6. “No More Parties” by Coi Leray
This song’s title, “No More Parties,” alludes to the fact that the subject of the song, Coi Leray, takes a straightforward approach to living his life. And in doing so, she lists a plethora of interpersonal relationships that she has, all of which, in the end, function as distractions for her.
This includes interactions with some of her family members, romantic interests, and other women who compete with her for attention. She also makes a passing reference to her difficult relationship with her father, Benzino, who is a well-known hip-hop musician and television personality.

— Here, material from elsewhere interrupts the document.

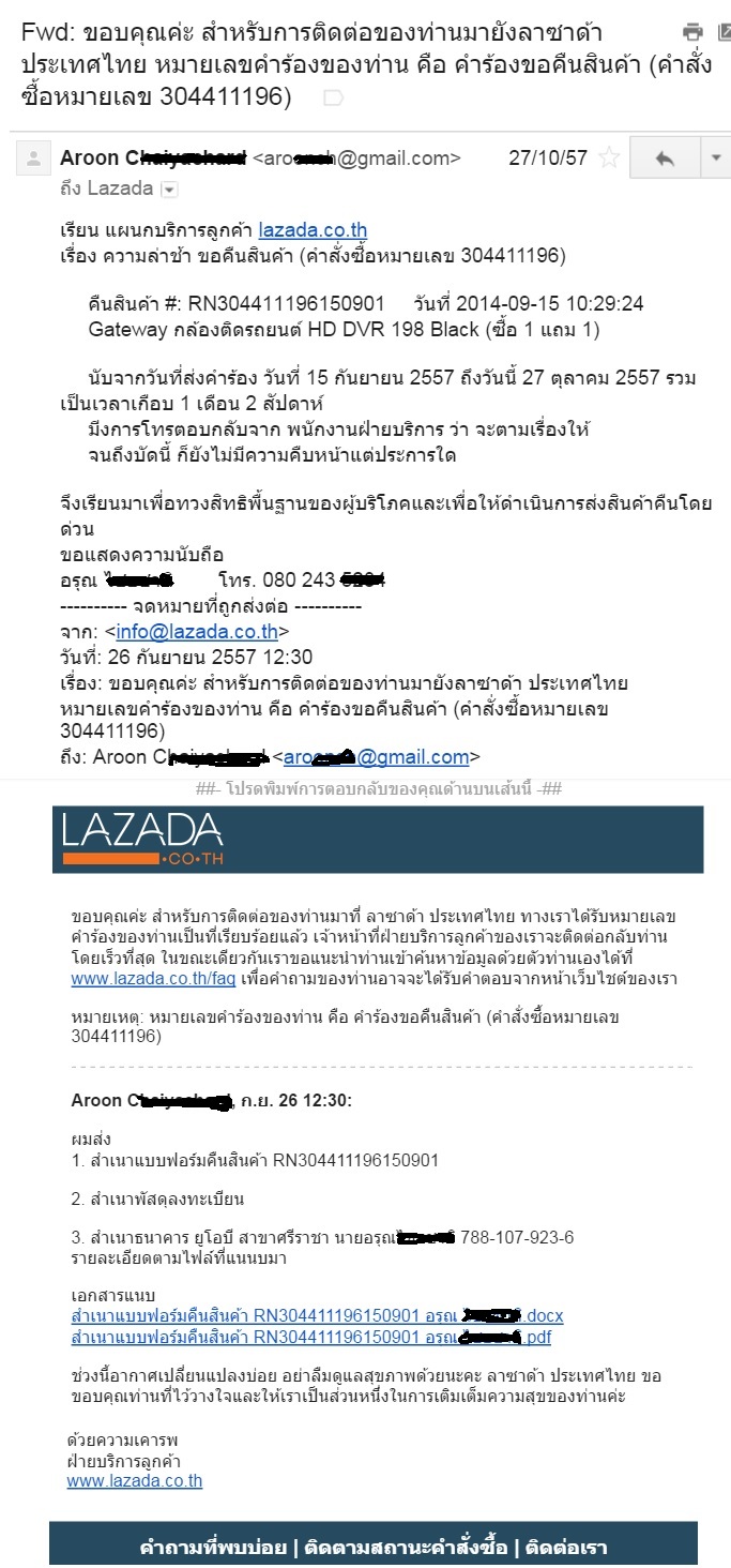 รากนั้นผมก้อโทรแจ้งทางLAZADAทันทีเค้ากัอบอกว่าให้ส่งสินค้ากลับคืนมา ผมก้อบอกว่าผมไม่สามารถเดินไปคืนได้เพราะผมเป็นคนพิการไม่สามารถเดินได้ เค้าก้อบอกว่าเดี๋ยวแจ้งให้คลังสินค้ามารับคืน ผมรอมาสามวันก้อไม่เห็นจะมีใครโทรมาแจ้งอะไรเลยจนถึงวันนี้

As a whole, what Coi is trying to convey is that she is more interested in achieving financial success than becoming involved in the nonsense that surrounds her.
7. “Thousand Miles” by The Kid LAROI
Maybe “Thousand Miles” is a love song, albeit the emo kind for which The Kid Laroi is known. The story being told is concise but conveys a great deal of information. And the person being addressed is a potential or actual romantic partner of the singer. The way the words are written, it sounds like he loves her and she feels the same way about him.
As for the song’s premise, it’s about the singer telling the recipient to “keep a thousand miles away from him,” which is consistent with the emo vibes.
The two motivations for his comment are as follows. One is that Laroi has plainly concluded he is a toxic companion and the addressee should stay far away from him. The second is that if she does stay, he will be helpless to keep her aside.